Renewable energy proponents often claim that wind and solar are cheaper than fossil fuels, and many have claimed that Trump’s actions will raise the cost of energy.

If it’s true that renewable energy is cheaper, it seems odd that renewable energy projects would flounder when federal funding is blocked.

“What we’re seeing is the eco-left movement proving in real time that their schemes cannot stand without taxpayer support. The free market should be deciding what products Americans do or don’t want to buy, and not the government picking winners and losers. It’s really simple,” Larry Behrens, communications director for Power the Future, told Just the News.

Media frenzy

The legacy media attacked Trump’s funding freeze order immediately after it was announced.

E&E News reported that Trump blocked $90 million in funding that the Hopi Tribe in Arizona was hoping to use for solar projects that would replace jobs lost after a coal plant closed in 2019.

The projects would also, the tribe hoped, end blackouts that have caused food to spoil and medical equipment to malfunction.

Pennsylvania was hoping for $156 million to support a program that helps low-income homeowners install solar panels, according to The Philadelphia Inquirer.

The upgrades, the Inquirer reports, would lower electric bills after the millions in taxpayer funding are doled out for the supposedly cheaper form of energy.

In an op-ed in the Reno Gazette-Journal, former Nevada Lieutenant Gov. Kate Marshall claimed that wind and solar power were projected to drop Nevada’s electricity rates by 22% to 35% over the next 30 years.

The claim includes a now-broken link [archived here] to an article on the Department of Energy website, likely removed since Trump took office and Chris Wright replaced Jennifer Granholm as energy secretary.

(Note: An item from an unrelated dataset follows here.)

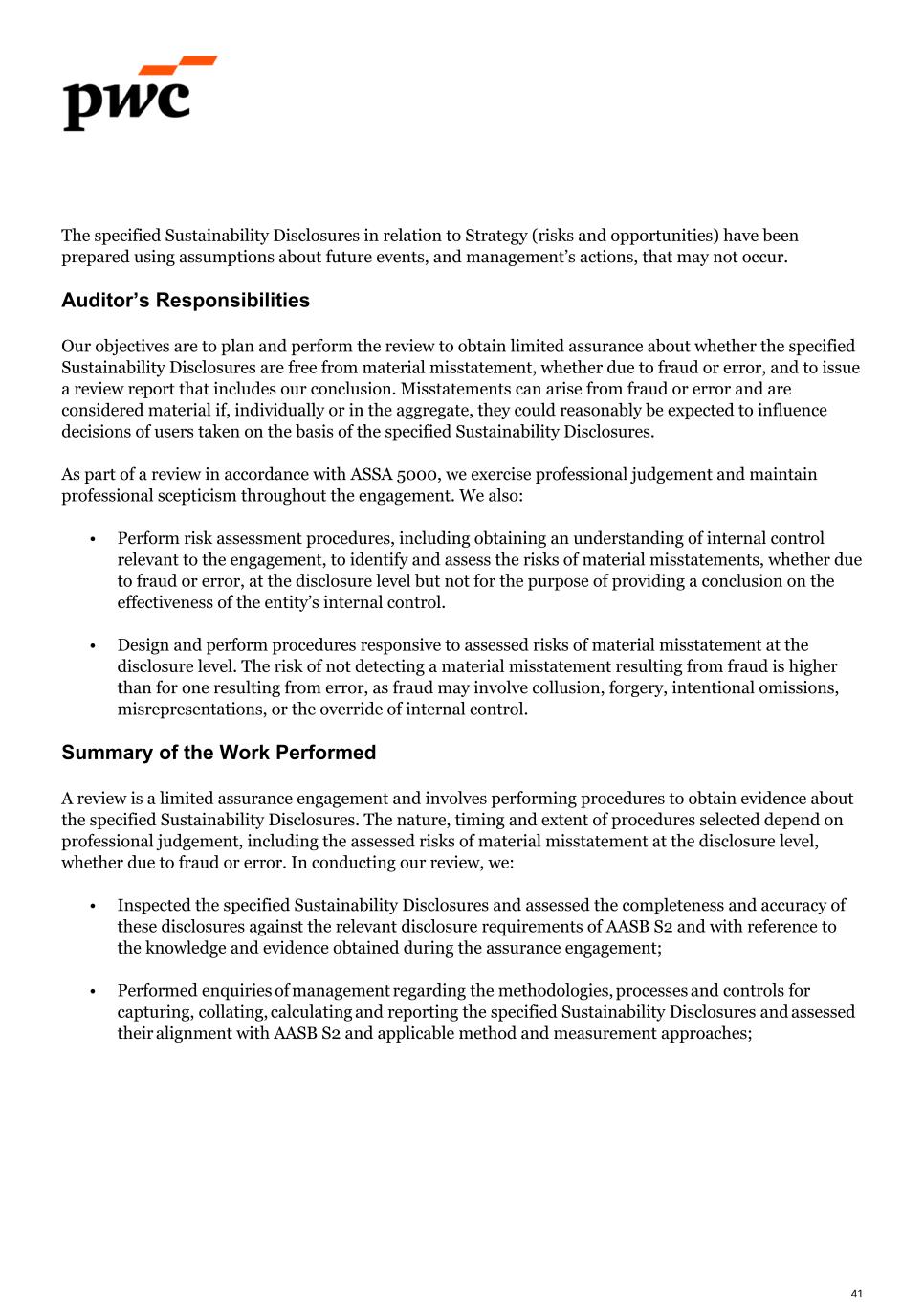 The specified Sustainability Disclosures in relation to Strategy (risks and opportunities) have been prepared using assumptions about future events, and management’s actions, that may not occur. Auditor’s Responsibilities Our objectives are to plan and perform the review to obtain limited assurance about whether the specified Sustainability Disclosures are free from material misstatement, whether due to fraud or error, and to issue a review report that includes our conclusion. Misstatements can arise from fraud or error and are considered material if, individually or in the aggregate, they could reasonably be expected to influence decisions of users taken on the basis of the specified Sustainability Disclosures. As part of a review in accordance with ASSA 5000, we exercise professional judgement and maintain professional scepticism throughout the engagement. We also: • Perform risk assessment procedures, including obtaining an understanding of internal control relevant to the engagement, to identify and assess the risks of material misstatements, whether due to fraud or error, at the disclosure level but not for the purpose of providing a conclusion on the effectiveness of the entity’s internal control. • Design and perform procedures responsive to assessed risks of material misstatement at the disclosure level. The risk of not detecting a material misstatement resulting from fraud is higher than for one resulting from error, as fraud may involve collusion, forgery, intentional omissions, misrepresentations, or the override of internal control. Summary of the Work Performed A review is a limited assurance engagement and involves performing procedures to obtain evidence about the specified Sustainability Disclosures. The nature, timing and extent of procedures selected depend on professional judgement, including the assessed risks of material misstatement at the disclosure level, whether due to fraud or error. In conducting our review, we: • Inspected the specified Sustainability Disclosures and assessed the completeness and accuracy of these disclosures against the relevant disclosure requirements of AASB S2 and with reference to the knowledge and evidence obtained during the assurance engagement;   • Performed enquiries of management regarding the methodologies, processes and controls for capturing, collating, calculating and reporting the specified Sustainability Disclosures and assessed their alignment with AASB S2 and applicable method and measurement approaches; 41

Colorado Gov. Jared Polis declared that Trump is threatening “clean, affordable energy.” The Guardian reports the freeze is causing “panic,” and Newsweek reports that contractors stopped work on solar projects.

“Outlandish”

These are just a sample of the media reports and statements from officials spreading in the wake of Trump’s funding freeze.

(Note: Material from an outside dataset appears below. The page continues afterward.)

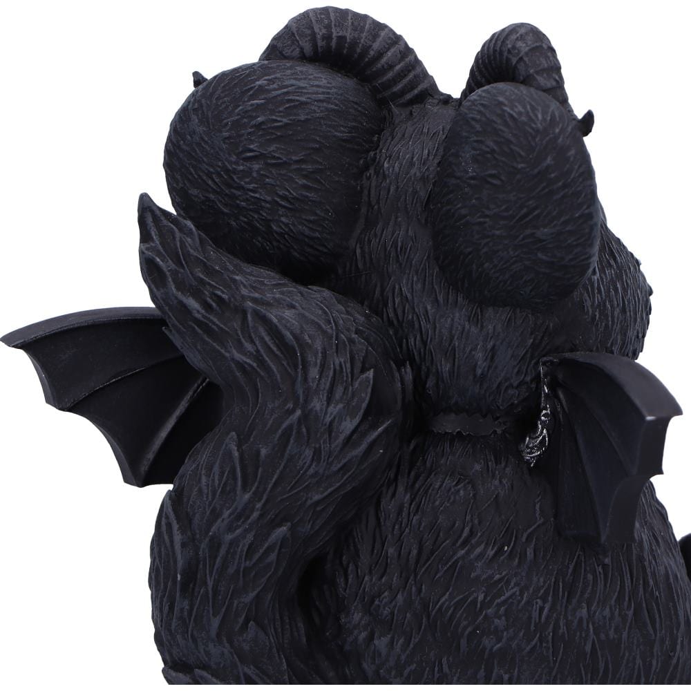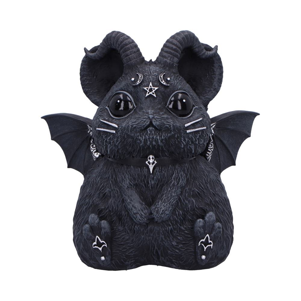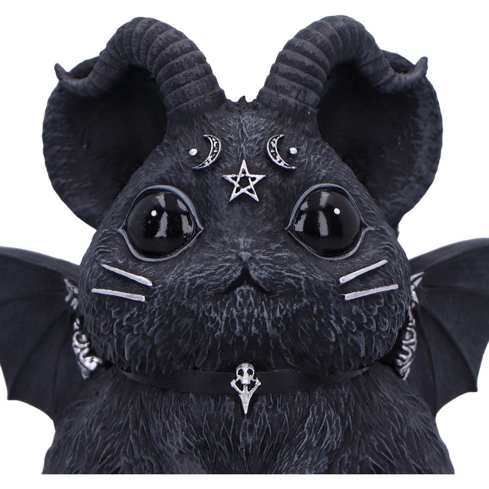 Unveil the dark charm of Marchillias, the latest addition to the Cult Cuties™ range. This unique figurine, inspired by a chinchilla, captures the essence of gothic allure with a touch of whimsy. Marchillias boasts adorable features, including a pair of horns and bat wings, adding a fantastical twist to the lovable chinchilla form. Around its neck, a striking collar adorned with a silver skull emphasizes its bewitching character.

By contrast, the oil and gas industry under former President Joe Biden, who campaigned on a promise to “end fossil fuels,” saw production increase to record highs.

Rather than raise doubt about the ability of intermittent wind and solar to replace fossil fuels and lower costs, the oil and gas industry’s success has been used to dispute that the Biden administration ever warred against the oil and gas industry.